*Prompt:* Going through the material below, output exactly the lines from the one containing "ประชาสัมพันธ์เ" through the one containing "x 4-Pin-Mini-Stromversorgungsstecker |", and no pictures.

*Entries provided:*
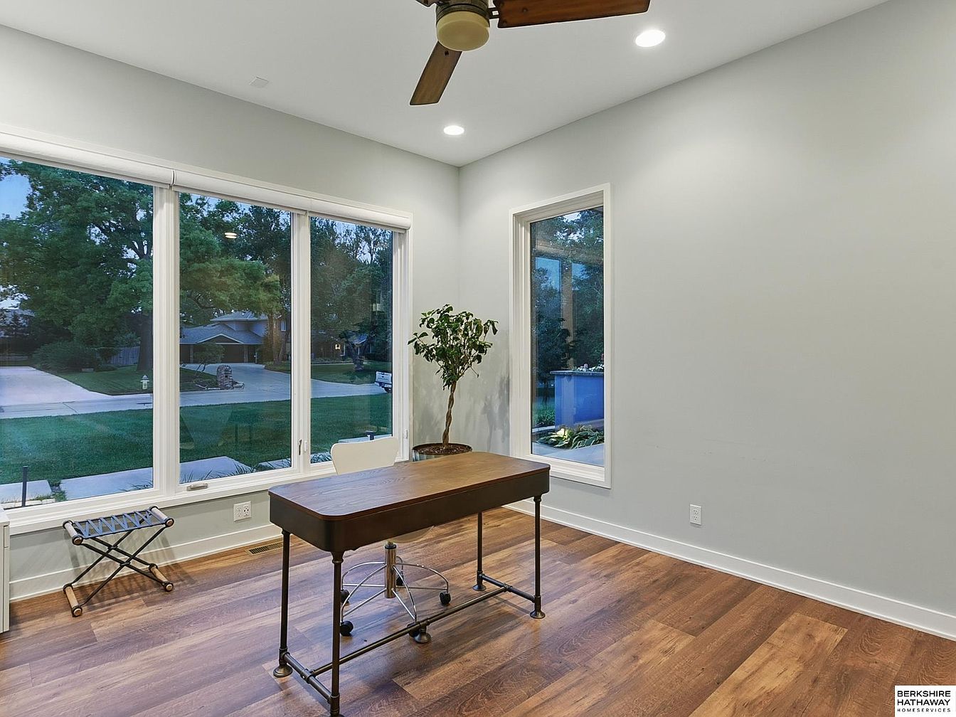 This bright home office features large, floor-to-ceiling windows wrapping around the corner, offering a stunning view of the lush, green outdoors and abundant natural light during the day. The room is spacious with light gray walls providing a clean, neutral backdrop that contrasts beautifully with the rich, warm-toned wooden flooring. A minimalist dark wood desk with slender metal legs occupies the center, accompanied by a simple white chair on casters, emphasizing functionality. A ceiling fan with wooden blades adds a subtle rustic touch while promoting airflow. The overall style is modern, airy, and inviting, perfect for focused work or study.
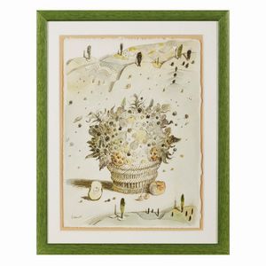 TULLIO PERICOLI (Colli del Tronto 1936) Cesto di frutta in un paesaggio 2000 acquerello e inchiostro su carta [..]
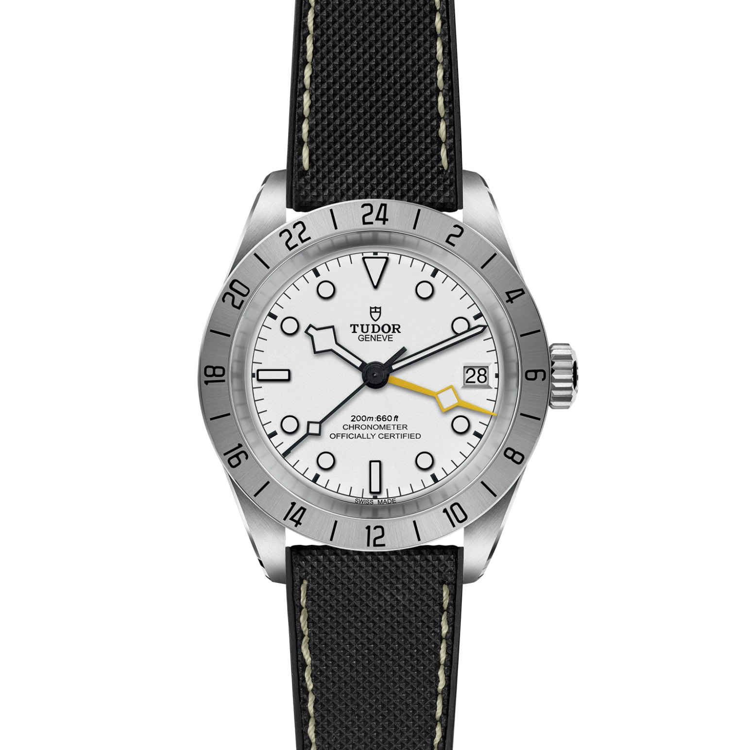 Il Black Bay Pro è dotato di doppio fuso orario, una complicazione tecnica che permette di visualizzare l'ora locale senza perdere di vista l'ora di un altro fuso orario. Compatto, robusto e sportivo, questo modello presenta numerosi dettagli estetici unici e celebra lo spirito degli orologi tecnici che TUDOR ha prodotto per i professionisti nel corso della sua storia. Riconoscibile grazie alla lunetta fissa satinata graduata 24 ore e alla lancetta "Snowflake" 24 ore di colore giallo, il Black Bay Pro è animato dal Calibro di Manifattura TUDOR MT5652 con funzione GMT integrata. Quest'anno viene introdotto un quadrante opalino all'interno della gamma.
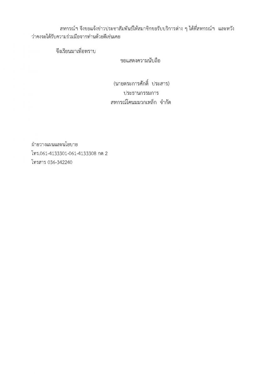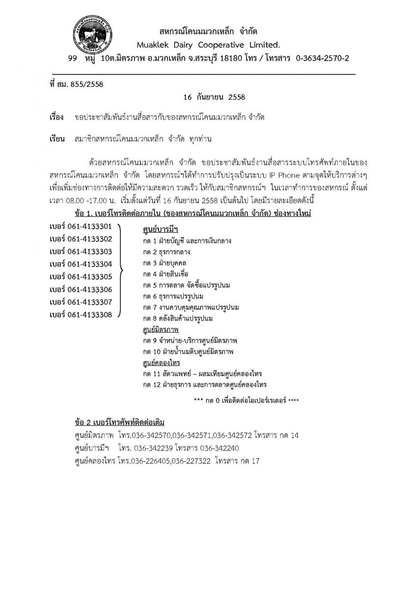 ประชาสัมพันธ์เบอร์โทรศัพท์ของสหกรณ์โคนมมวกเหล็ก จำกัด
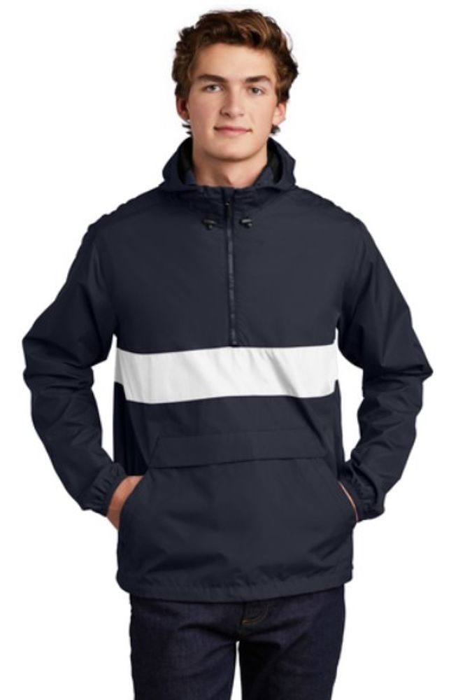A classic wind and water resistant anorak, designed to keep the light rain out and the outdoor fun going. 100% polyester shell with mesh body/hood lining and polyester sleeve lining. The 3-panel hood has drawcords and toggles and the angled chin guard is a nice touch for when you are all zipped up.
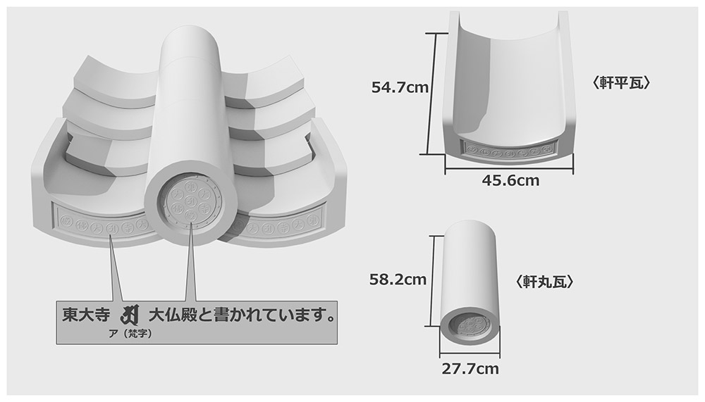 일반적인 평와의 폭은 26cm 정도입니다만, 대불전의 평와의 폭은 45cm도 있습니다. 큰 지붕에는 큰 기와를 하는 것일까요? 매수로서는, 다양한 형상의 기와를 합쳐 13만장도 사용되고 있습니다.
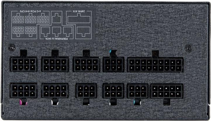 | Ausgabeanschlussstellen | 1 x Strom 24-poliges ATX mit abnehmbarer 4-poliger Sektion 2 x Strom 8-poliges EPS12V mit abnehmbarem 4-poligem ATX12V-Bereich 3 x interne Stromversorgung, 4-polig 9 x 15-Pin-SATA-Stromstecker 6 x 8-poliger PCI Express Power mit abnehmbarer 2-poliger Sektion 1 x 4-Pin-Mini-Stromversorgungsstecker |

==

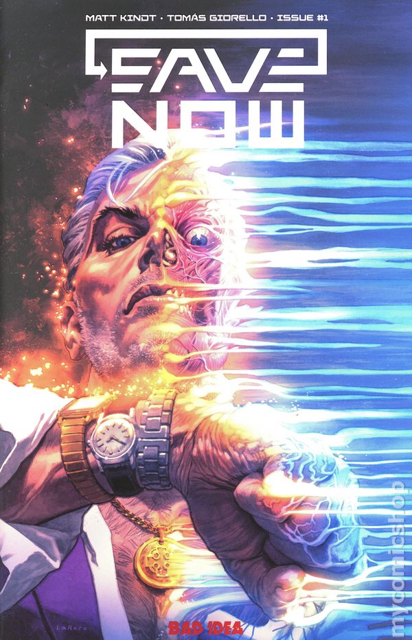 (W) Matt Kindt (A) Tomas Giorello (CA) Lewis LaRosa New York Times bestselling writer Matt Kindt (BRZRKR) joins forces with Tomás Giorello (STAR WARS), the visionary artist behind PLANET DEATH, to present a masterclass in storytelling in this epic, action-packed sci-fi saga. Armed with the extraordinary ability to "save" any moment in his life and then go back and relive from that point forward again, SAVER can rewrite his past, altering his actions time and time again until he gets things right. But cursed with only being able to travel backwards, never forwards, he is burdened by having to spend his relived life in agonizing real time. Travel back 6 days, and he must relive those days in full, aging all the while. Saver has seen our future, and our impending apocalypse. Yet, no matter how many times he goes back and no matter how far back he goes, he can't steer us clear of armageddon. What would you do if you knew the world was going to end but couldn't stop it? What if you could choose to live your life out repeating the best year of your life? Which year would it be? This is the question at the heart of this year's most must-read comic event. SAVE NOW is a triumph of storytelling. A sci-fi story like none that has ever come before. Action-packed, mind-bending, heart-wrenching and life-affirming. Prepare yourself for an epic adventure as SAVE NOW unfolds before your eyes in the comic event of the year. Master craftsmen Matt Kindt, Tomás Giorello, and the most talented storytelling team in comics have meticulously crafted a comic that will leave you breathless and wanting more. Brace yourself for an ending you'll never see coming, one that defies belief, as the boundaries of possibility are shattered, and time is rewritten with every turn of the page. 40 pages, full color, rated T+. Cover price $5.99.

*Written solution:*
 ประชาสัมพันธ์เบอร์โทรศัพท์ของสหกรณ์โคนมมวกเหล็ก จำกัด
A classic wind and water resistant anorak, designed to keep the light rain out and the outdoor fun going. 100% polyester shell with mesh body/hood lining and polyester sleeve lining. The 3-panel hood has drawcords and toggles and the angled chin guard is a nice touch for when you are all zipped up.
 일반적인 평와의 폭은 26cm 정도입니다만, 대불전의 평와의 폭은 45cm도 있습니다. 큰 지붕에는 큰 기와를 하는 것일까요? 매수로서는, 다양한 형상의 기와를 합쳐 13만장도 사용되고 있습니다.
 | Ausgabeanschlussstellen | 1 x Strom 24-poliges ATX mit abnehmbarer 4-poliger Sektion 2 x Strom 8-poliges EPS12V mit abnehmbarem 4-poligem ATX12V-Bereich 3 x interne Stromversorgung, 4-polig 9 x 15-Pin-SATA-Stromstecker 6 x 8-poliger PCI Express Power mit abnehmbarer 2-poliger Sektion 1 x 4-Pin-Mini-Stromversorgungsstecker |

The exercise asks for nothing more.